Samstag, 5. Januar 2013
antibiotikum
der objektsohnemann stromert durch meine wohnung, während ich mit seinem papi auf der homepage des arbeitsamts stöbere. ab und an scheppert was, da der sohnemann ähnlich wie der papa zum unabsichtlichen zerstören neigt. dann kommt er wieder ins wohnzimmer, schmiegt sich an mich und fragt ganz schüchtern:
"duhuuu... warum hast du antibiotikum in der küche liegen?"
ich stutze, da bei mir kein antibiotikum in der küche herumfliegt, weil ich keines nehme und ich medikamente normalerweise vor kinderhänden gut verstecke, um den lütten davor zu bewahren, sich meine psycho-smarties reinzuziehen. weiterhin bin ich ganz perplex, dass der kleine weiß, was ein antibiotikum ist.

"das kann nicht sein", erwidere ich erstmal.
"dohoch! ein halbes!"
der objektsohnemann flitzt in die küche und bringt dann tatsächlich eine halbe weiße tablette herein.
das objekt schaut mich fragend an und ich vermute, dass es auf irgendwelche drogen tippt und im sichergestellten material den beweis sieht, dass ich - wie es ab und an mutmaßt - doch nicht auf die kleinen chemischen freuden verzichte.

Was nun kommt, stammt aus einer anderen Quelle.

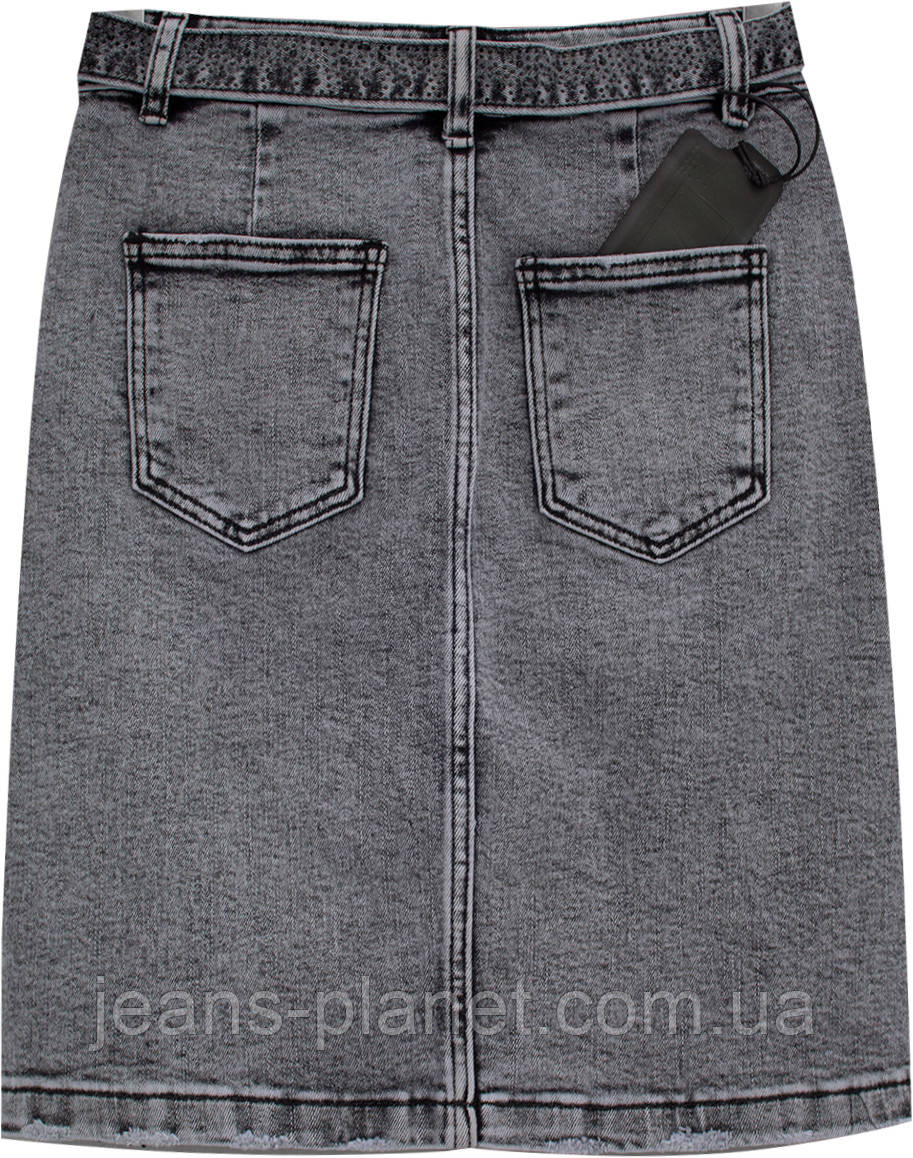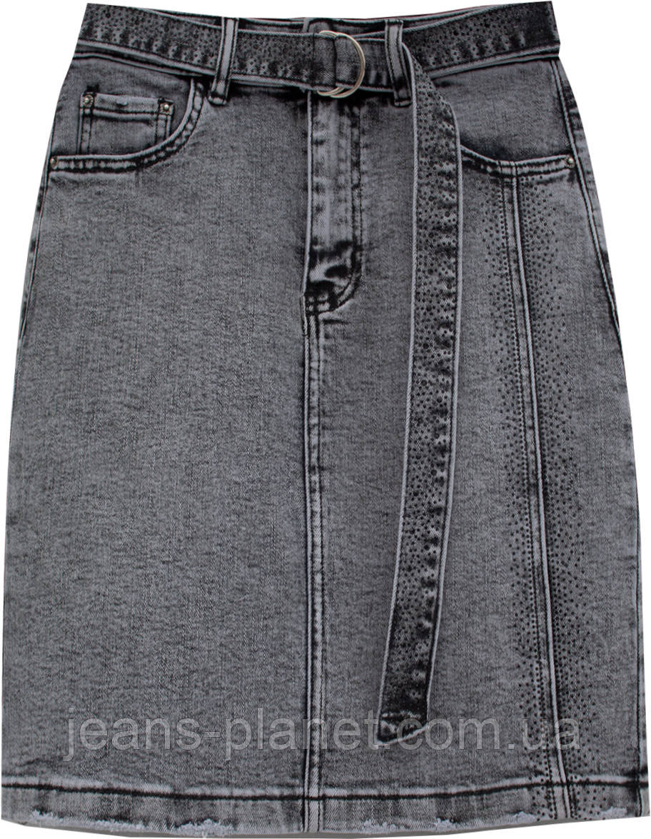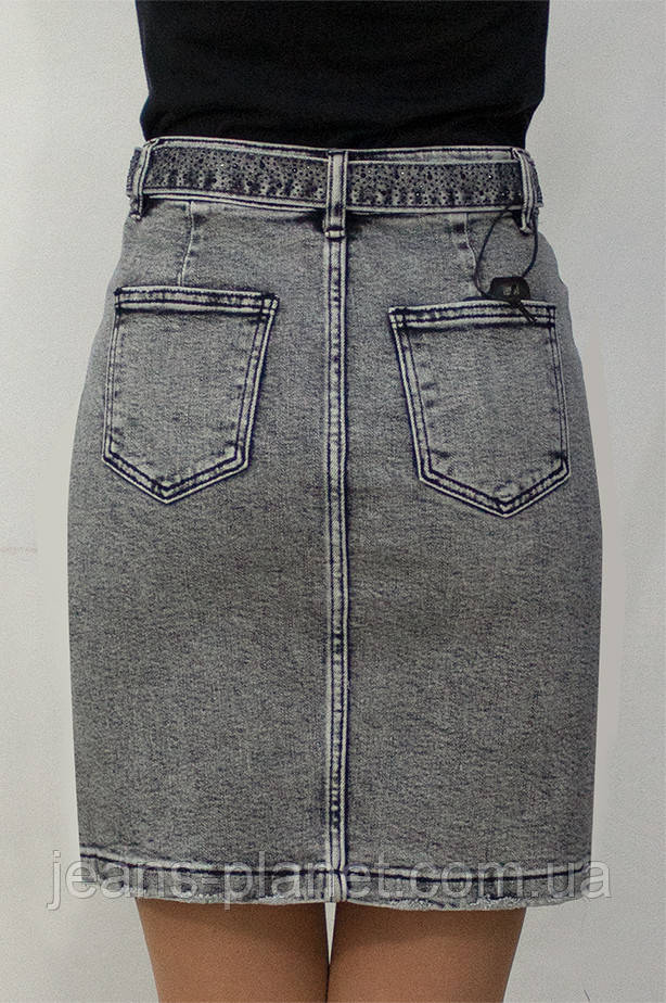 Модна джинсова спідниця сірий графіт з чорними стразами

ich glotze auf die tablette und gerate selbst erstmal in erklärungsnot, zumal das ding tatsächlich aussieht wie ein halbes antibiotikum.
"wo hast du das denn gefunden?" frage ich den lütten.
"hinter der kaffeemaschine."
ich wundere mich noch einmal, denke scharf nach, dann endlich fällt es mir wie schuppen von den augen:
"das ist eine halbe mineralstofftablette! das ist kein antibiotikum, sondern ein ganz normales nahrungsergänzungsmittel!"

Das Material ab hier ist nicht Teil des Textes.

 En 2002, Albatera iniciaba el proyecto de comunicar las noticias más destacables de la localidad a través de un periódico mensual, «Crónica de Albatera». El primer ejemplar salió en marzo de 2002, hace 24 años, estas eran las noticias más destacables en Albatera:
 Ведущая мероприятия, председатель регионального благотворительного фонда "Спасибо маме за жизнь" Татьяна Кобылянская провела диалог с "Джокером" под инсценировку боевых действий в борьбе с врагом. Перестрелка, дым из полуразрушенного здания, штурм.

das objekt sieht eindeutig erleichtert aus, während der objektsohnemann von neuem fasziniert ist:
"und was kann man damit machen? wofür ist das gut?"
"da sind kalium und magnesium drin. das sind zwei ganz wichtige mineralstoffe, die gut sind für herz, nerven und muskeln."
"und warum brauchst du das?"
"brauchen kann man nicht sagen. es ist ein zusatz. beispielsweise wenn man einen wadenkrampf hat - das kennst du vielleicht auch..."
und der sohnemann nickt:
"das tut fies weh!"
"also sowas kann mit magnesiummangel zusammenhängen. wenn man dann so eine tablette nimmt, kommt der krampf so schnell nicht wieder."

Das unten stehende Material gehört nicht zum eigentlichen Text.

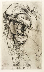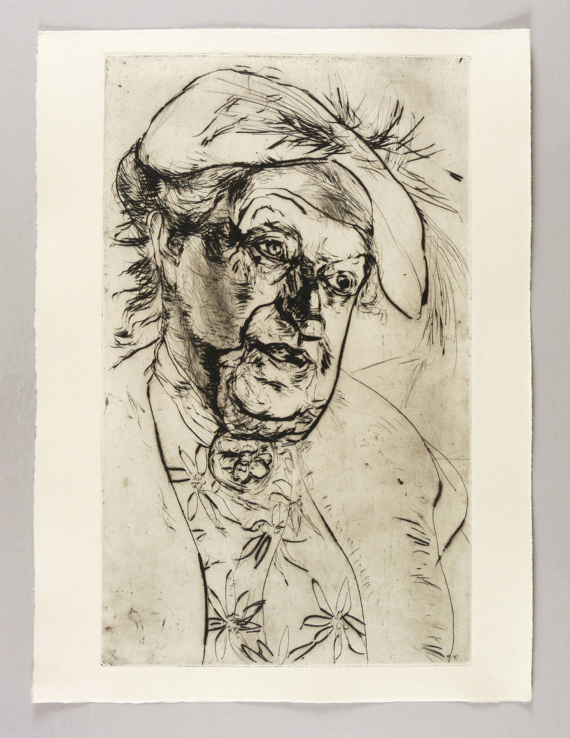 Lau 189. – Verso in Bleistift von Charlotte Hassebrauk authorisiert: ″p.m. Ernst Hassebrauk″. Weiter original betitelt: ″Sophie Rade″. Dazu Auflagenbezeichnung. – Posthumer Abzug von der originalen Platte für die Mappe ″Ernst Hassebrauk. Frauenbildnisse″, die 1985 von der Witwe Charlotte Hassebrauk als Edition der eikon Grafik-Presse im Verlag der Kunst Dresden in einer Gesamtauflage von 35 Exemplaren erschien. – Sehr guter Zustand.
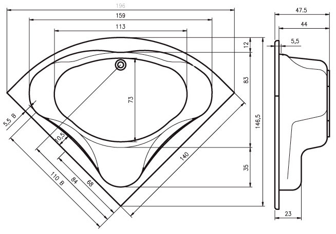 Акриловая ванна Riho 140 четверть круга отвечает тенденциям современной сантехники. Она отличается небольшим весом, комфортом и безопасностью. Поставляется в комплекте с металлическим каркасом. Акрил обладает низкой теплопроводностью. Вода в такой ванне будет остывать очень медленно.
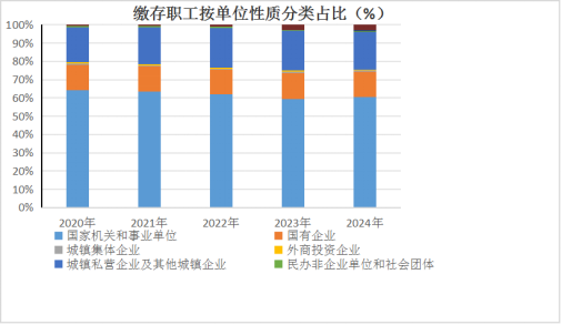 缴存职工中,国家机关和事业单位占60.43%,国有企业占14.08%,城镇集体企业占0.47%,外商投资企业占0.66%,城镇私营企业及其他城镇企业占20.44%,民办非企业单位和社会团体占0.44%,灵活就业缴存占0.57%,其他占2.91%;中、低收入占96.98%,高收入占3.02%。
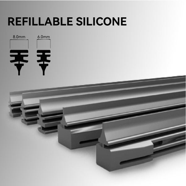 The Mita silicone rubber refill offers a service life up to three times longer than standard wiper rubber, providing excellent wiping clarity and durability.It also contains an integrated coating agent that is gradually released during use, forming a Water Repellent layer on the windshield for improved visibility.
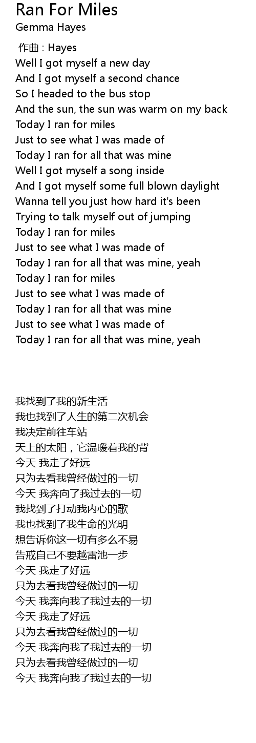 | [01:04.400] | Today I ran for miles |
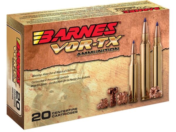Loaded with the Barnes Triple-Shock X (TSX) Bullet, this round offers devastating results on varmints. The Barnes TSX bullet is made of 100% copper and contains no lead. When the bullet expands, four razor-sharp cutting petals are created, allowing the bullet to penetrate farther through tough bone and tissue. These bullets usually retain 100% of their original weight. The Triple-Shock X bullet delivers the “three strikes you’re out” rule. Once as it strikes game, two as the bullet begins to open and a third impact when the cavity fully expands to deliver extra shock with maximum transferred energy. Ideal for deer-sized game.
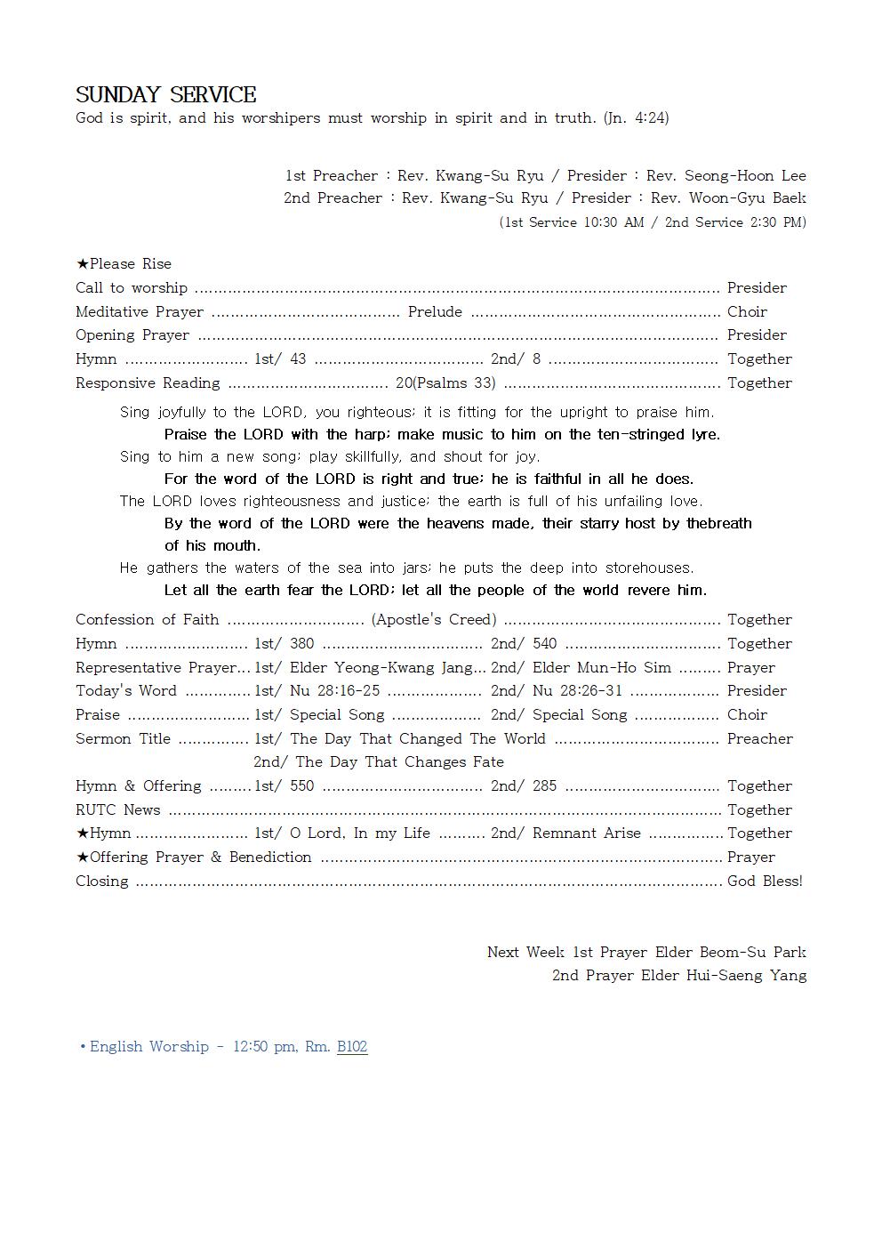 Representative Prayer…. 1st/ Elder Yeong-Kwang Jang…. 2nd/ Elder Mun-Ho Sim ……… Prayer
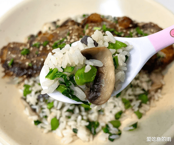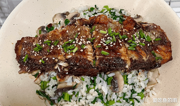 等电饭煲跳闸,打开盖子,那股菌菇和青菜混合着米饭的清香扑面而来。盛出一大碗热气腾腾的菌菇菜饭,把烧好的大黄鱼排直接铺在饭上。再舀一勺锅里浓稠的蒲烧汁浇上去,让汤汁顺着鱼肉缝隙渗进米饭里。挖一勺送进嘴里,米饭软糯中带着菌菇的鲜美和青菜的清甜,鱼肉外焦里嫩,那蒲烧酱汁咸甜适口,浓郁得化不开。每一口都是大写的满足,鲜得你恨不得把舌头都吞下去,这一碗下去,真的是给个神仙都不换。
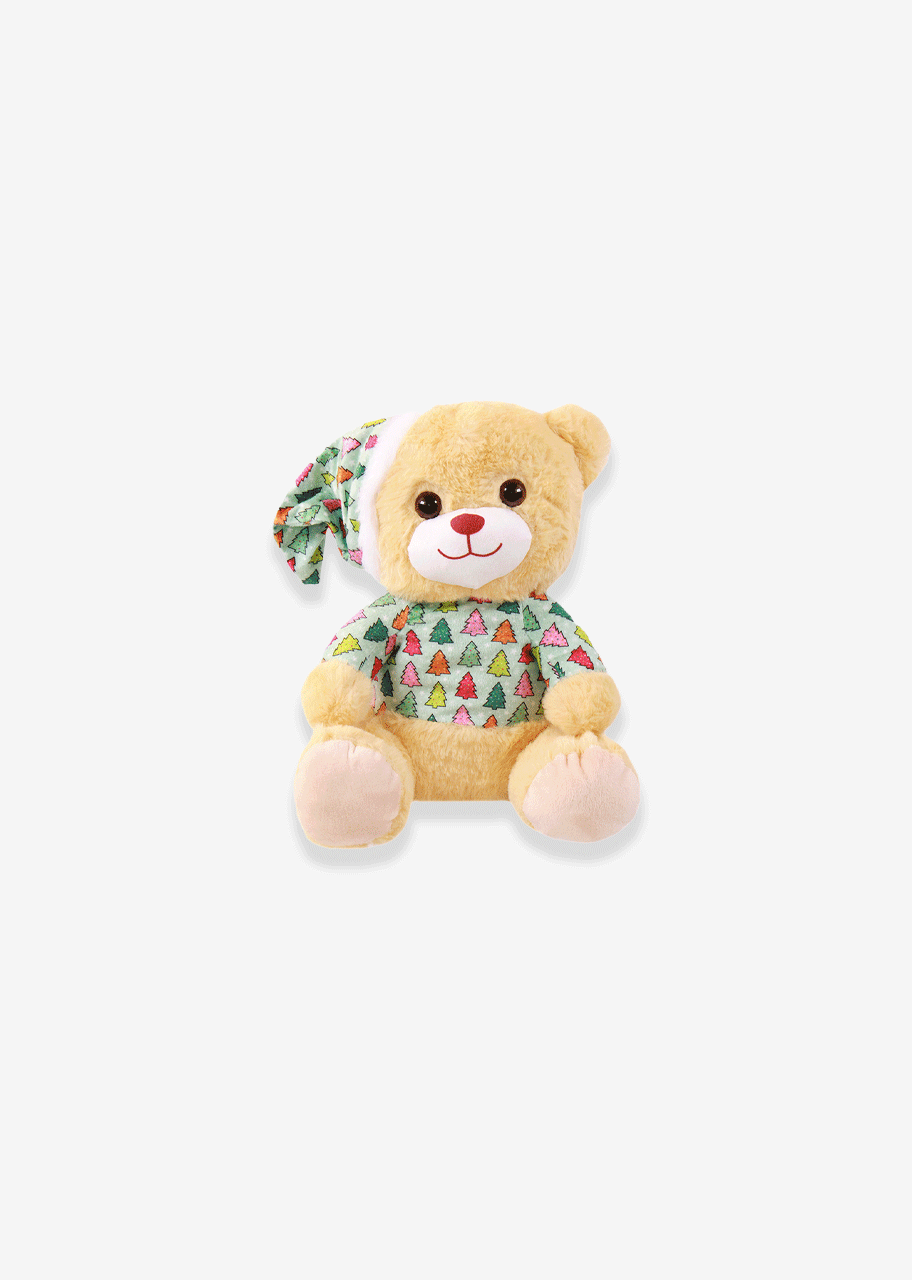 Este tierno oso es el peluche perfecto para estas fiestas. Con su suave pelaje y su encantador pijama de Navidad, ¡este oso no solo abraza corazones, sino que también añade un toque festivo a cualquier rincón de tu hogar!

der objektsohnemann guckt interessiert und fragt dann:
"kann ich die haben?"
"die lag offen rum, dann würde ich sie lieber wegschmeißen. außerdem brauchst du das nicht, du hast ja keine krämpfe. und wenn du vorbeugen willst, dann mach ich dir jetzt lieber eine apfelsaftschorle, da sind auch viele mineralstoffe drin."
"auja!"

der objektsohnemann springt begeistert auf, begleitet mich in die küche und das antibiotikum ist vergessen.
dann schnappt er sich mein handy und spielt friedlich ein spiel, während das objekt und ich den objektlebenslauf tunen und die unterlagen fürs arbeitsamt fertigmachen.

das objekt lächelt mich mehrmals von der seite an, drückt meine hand unter dem tisch und ich fühle mich für einen moment ganz zauberhaft familiär. dann fängt der objektsohnemann an, uns unter lautstarken "guck mal, guck mal"-rufen seine neuen hiphop-moves vorzuführen und bringt meine zimmerpflanze dabei zu fall. während der papa schimpft und den kleinen losschickt, um schaufel und besen zu holen, bin ich dann doch wieder sehr glücklich, dass der familienmoment kein lebenslänglicher ist.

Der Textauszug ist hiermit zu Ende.